This article would never end if I told about everything, so here are some snippets and fragments of our journey west: ghostly white, other-worldly windmills clustered together on Kansas prairies – seemingly so out of place; the older lady cashier in financially–depressed Limon, CO, who told us a Readers Digest version of her and her husband’s struggle to raise eight children; the Easter-egg-colored little houses in Idaho Spring, CO, each short street layered higher than the one below, as if on bleachers because of the mountainous terrain. Hair standing on end as the GPS stupidly routed us up a steep, twisty, one-lane logging road –Jim’s hair didn’t recover for the rest of the day.

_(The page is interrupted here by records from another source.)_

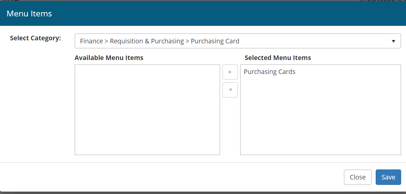 Once selected, it will show you any options available for Purchasing Cards. Click on Purchasing Cards to select it and click on the arrow to move it into the "Selected Menu Items" list so it will be added to this roles menu.
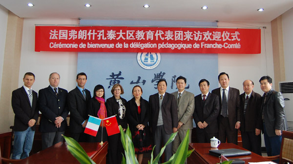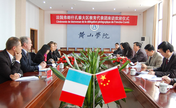 经过考察和商谈,我校与佛朗什孔泰大区教育代表团就开展交流合作事宜达成了以下共识:黄山学院将会在佛朗什孔泰大区和黄山市友好合作的大框架内积极推动教育机构之间的友好交流与合作;黄山学院将按照先易后难、先语言后专业的步骤来逐一落实从今年开始的派出3名教师和2名学生的项目。同时,欢迎来自佛朗什孔泰大区的老师和学生来我校进行学习和实习。黄山学院希望加强双方教育机构,特别是与佛朗什孔泰大学之间的联系,推进双方在教育交流领域广泛和深入的合作。
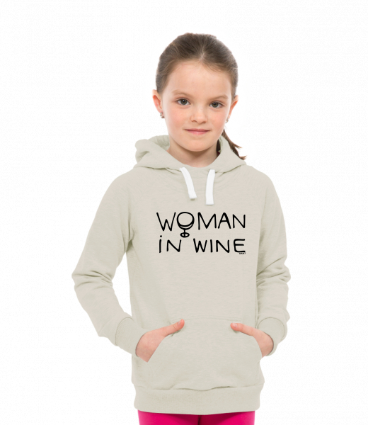 Dětská mikina LIGHT přes hlavu s kapucí a potiskem Lyžařská kolekce pro děti s potiskem 1346 WOMAN IN WINE 1 v barvě IVORY
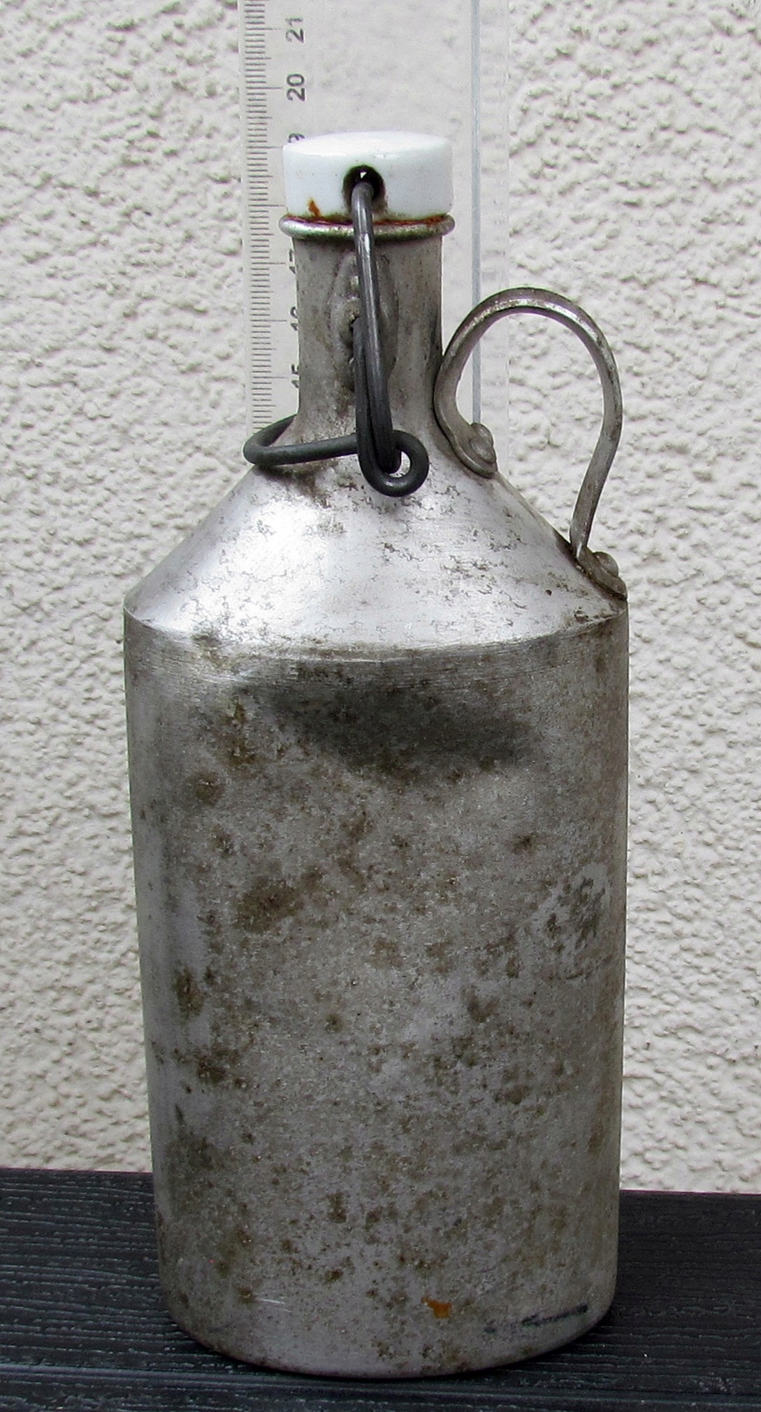 СТАРА АЛЮМІНІЄВА ПЛЯШКА З ПОРЦЕЛЯНОВОЮ ПРОБКОЮ - РІДКІСТЬ

The names we saw here and there: Gold Diggers High School, Gamble Gulch Rd., Old Stagecoach Trail, Lump Gulch Rd., Phantom Lake, (nothing there!), Wolf Crossing, Knife River, Yellow Bird’s Cafe. A loud-mouthed, lippy crow caught our camera, demanding food from us. A bison ambled inches from our car window, never letting on that he knew we existed. Seeing people and cars clustered on the side of the highway, we stopped and caught the back of a black bear as he or she gobbled berries from a tree. Slipping and sliding down the nearly vertical path to Crawfish Creek to watch kids splashing at the base of the pounding, sparkling waterfall, wishing I could jump in too. Old Faithful burping, sputtering, then spraying; a fat, sleek mama elk munching grass on a church’s lawn (in the middle of town!), stopping for a potty break at a roadside rest stop and reading this sign on the door: Please close the door behind you – snow gets in the restroom.
Open-range cows – loose stock – which we figured might be lunch or supper for a grizzly; presidents’ faces released from the mountain, perpetually staring across rocky terrain (did I hear George ask, Where’s Cary?). Wounded Knee, SD. - desolate, wind-swept grave yard, with two teen boys, a mother and her little girl hopefully displaying trinkets for sale, but then the young men proudly showing us the sign of a warrior with upraised fists as the camera clicked. We drove away with sad hearts.
The trip began to wind down as we crossed into Missouri, sans mountains, and wondered at a sign proclaiming, The St. Joseph Skeptic Society. I decided it had been erected because the members had experienced the local Days Inn and their promise of a pleasant night.
I will carry this trip in my heart forever. Thank You, Lord, for intensifying my wonder and amazement of You, and Your marvelous, marvelous creation.